Marston Louise, Peacock Janet L, Yu Keming, Brocklehurst Peter, Calvert Sandra A, Greenough Anne, Marlow Neil
Department of Primary Care and Population Health, Computing and Mathematics, Brunel University, London, UK.
Paediatr Perinat Epidemiol. 2009 Jul;23(4):380-92. doi: 10.1111/j.1365-3016.2009.01046.x.

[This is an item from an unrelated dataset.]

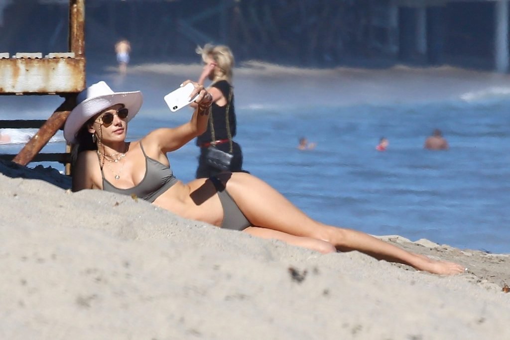 Paparazzi captaron a Alessandra Ambrosio mientras disfruta un día en bikini en la playa de Malibu, 22/07/2018. Millones de fans apreciaron su figura de modelo, su pequeño trasero y sus piernas delgadas.

Studies of prematurely born infants contain a relatively large percentage of multiple births, so the resulting data have a hierarchical structure with small clusters of size 1, 2 or 3. Ignoring the clustering may lead to incorrect inferences. The aim of this study was to compare statistical methods which can be used to analyse such data: generalised estimating equations, multilevel models, multiple linear regression and logistic regression. Four datasets which differed in total size and in percentage of multiple births (n = 254, multiple 18%; n = 176, multiple 9%; n = 10 098, multiple 3%; n = 1585, multiple 8%) were analysed. With the continuous outcome, two-level models produced similar results in the larger dataset, while generalised least squares multilevel modelling (ML GLS 'xtreg' in Stata) and maximum likelihood multilevel modelling (ML MLE 'xtmixed' in Stata) produced divergent estimates using the smaller dataset. For the dichotomous outcome, most methods, except generalised least squares multilevel modelling (ML GH 'xtlogit' in Stata) gave similar odds ratios and 95% confidence intervals within datasets. For the continuous outcome, our results suggest using multilevel modelling. We conclude that generalised least squares multilevel modelling (ML GLS 'xtreg' in Stata) and maximum likelihood multilevel modelling (ML MLE 'xtmixed' in Stata) should be used with caution when the dataset is small. Where the outcome is dichotomous and there is a relatively large percentage of non-independent data, it is recommended that these are accounted for in analyses using logistic regression with adjusted standard errors or multilevel modelling. If, however, the dataset has a small percentage of clusters greater than size 1 (e.g. a population dataset of children where there are few multiples) there appears to be less need to adjust for clustering.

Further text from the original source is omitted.